2018-03-05 02:29:36 | コラムと名言

◎松任谷正隆氏とホンダN360

 雑誌『JAF Mate』第五六巻第二号(二〇一八年二・三月号)に、松任谷正隆氏の「初ドライブの話」というエッセイが載っていた。文章は巧み、話題も興味深く、楽しく読ませていただいた。
 エッセイによれば、氏は、一六歳のとき、「調布のほうにある自動車教習所」で軽自動車の免許を取ったという。この「調布のほうにある自動車教習所」というのは、たぶん、今でも調布市菊野台にある「調布自動車教習所」のことであろう。教習車は、マツダ・キャロルだったという。
 そのころ、軽自動車限定の免許というものがあったことは、よく覚えている。高校一年の時、同級生にフトン屋の息子がいて、彼の運転するスズキの軽に載せてもらった記憶がある。このころ、軽の免許は、一六歳から取得できたが、実際に取る人というのは、そう多くなかったと思う。中卒で仕事に就いていて、仕事上、車を運転する必要があった若者、家計に余裕があり、軽自動車を買ってもらえるような高校生、などに限られていたと思う。
 松任谷氏の場合、家にマイカーはなかったようだが、高校生の息子が免許を取るのを許してくれたというのであるから、家庭的には、やはり、めぐまれていたのであろう。
 エッセイによれば、氏の免許取得を、一番よろこんでくれたのは、「新川クリーニング」のお兄さん(御用聞き)だったという。この「新川クリーニング」というのは、たぶん、今でも杉並区高井戸西にある「新川クリーニング商会」のことであろう。
 さて、このエッセイで最も注目させられたのは、初ドライブのとき、乗っていたホンダN360が蛇行しはじめたという話である。当時、こういう噂は、たしかにあった。アメリカで裁判になっているということも報道で知っていた。しかし、日本では、このことは、あまり深刻な問題にはなっていなかった。また、自分のまわりでは、ホンダN360が蛇行したという例は全くなかった。松任谷氏のエッセイを読み、今になって、「蛇行」の噂は本当だったのだ、と思い直した。
 松任谷氏は、渋谷区道玄坂のレンタカー店で、ホンダN360を借り、自宅まで運転して、そこで家族三人を乗せたという。初ドライブで、定員いっぱいまで乗せるという勇気に驚く。一行は、高尾山に向かうべく、バス通り(のちの環状八号線)から甲州街道に入るが、そのとき、アクシデントが起きる。以下、引用。

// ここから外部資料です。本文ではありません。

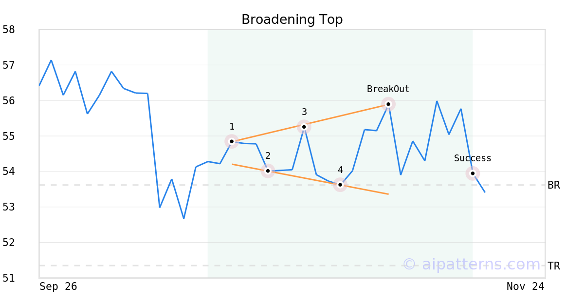 On November 06, 2025, A.I.dvisor detected a Broadening Top Pattern (Bearish) for Woori Financial Group (WF, $55.89). On November 06, 2025, A.I.dvisor confirmed the Bearish pattern, setting a target price of the stock. On November 17, 2025, the stock hit the target price of $51.35 – resulting in a gain for traders who shorted the stock on the pattern detection date.

 あてもなく甲州街道のほうに舵を切り、そしてちょっと深めにアクセルを踏んだ。エンジン音が高まり、教習所ではあまり体験したことのない加速が始まった。ところが次の瞬間クルマは蛇行。タイヤの空気圧がちゃんとしてなかったのか、それとも僕がハンドルの遊びに慣れていなかったのか。脂汗が一気に吹き出した。両親は僕がふざけてやっているものだと思い、そんな真似やめなさいよ、と言った。ここで、これはわざとではないんだ、と正直に言ったらこのドライブ自体すべてキャンセルになると思ったから、わかった、とだけ言いドライブを続けた。結局、高尾山まで行って帰ってきたが、正直、生きた心地はしなかった。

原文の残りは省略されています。